I thank God very much because my mother, despite all of the difficulties she passed, she didn’t give up. She worked. So then, we saw this. Sometimes we arrive at a home where the mother and father are unemployed, they don’t have anything to eat… and so what? Are you going to cross your arms, are you going to remain idle? I also already passed this situation: to not have anything to eat at home. But I ran after something, I knocked on the neighbor’s door… we can’t let suffering and poverty be impediments in our lives.
Andréia’s Dreams
I want to have children, I want to have a family, but I want to study first. My dream is to have my own home and I really want to study. In reality I wanted—no, I want to study psychology. I also want my own home, I plan to have kids, to get married, all of this I want. But, I want to be a psychologist. I have this in my head. I am going to fight for this and I am going to achieve it. I feel like I have to work in this area: psychology, or work in the area of social sciences. I am not going to give up, no way! Education, I don’t know, for me is a victory. Through studying you are going to acquire experiences. These days, people have to have this conscience that you need to study; you have to really go after it. I believe that when you want something, you have to fight for it. Barriers exist, yes, obstacles exist, but you have to fight, you have to believe in yourself and that you are going to make it. I think things become more difficult when people give up. So then, believe in your dreams, fight for them and you will achieve them.
« end »
Please feel free to comment on Andréia’s story.
Footnotes:
(1) “Colegio interno,” or boarding school.
(2) Andréia uses the word “vila” to refer to a favela, or a neighborhood community within a favela.

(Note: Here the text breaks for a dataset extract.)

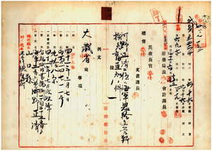 三二 海軍二等兵曹河野正清ノ海軍恩給主管ヲ山口県ヨリ台湾総督府ヘ引継並ニ大蔵省ヘ主管転換並異動通知ノ件

(3) In Brazil, a “diarista” refers to a person who works on a per day basis.
(4) Copasa is the local water company in Belo Horizonte.
(5) Lourdes is one of Belo Horizonte’s wealthiest neighborhoods.
(6) Andréia’s phrase, “people from the asphalt,” refers to people from outside the favela.
(7) Roughly $1,740 per year based on exchange rates at the time.
(8) INPS, Instituto Nacional de Previdência Social; a retirement deduction similar to social security in the United States.
(9) Commanding drug lord.
(10) Law of the Hillside. Also encompasses “Lei de Silêncio,” or Law of Silence, in which silence sometimes is maintained by witnesses after a homicide, or other crime, has been committed in the favela.
(11) Drug traffickers.
(12) In reference to President Lula.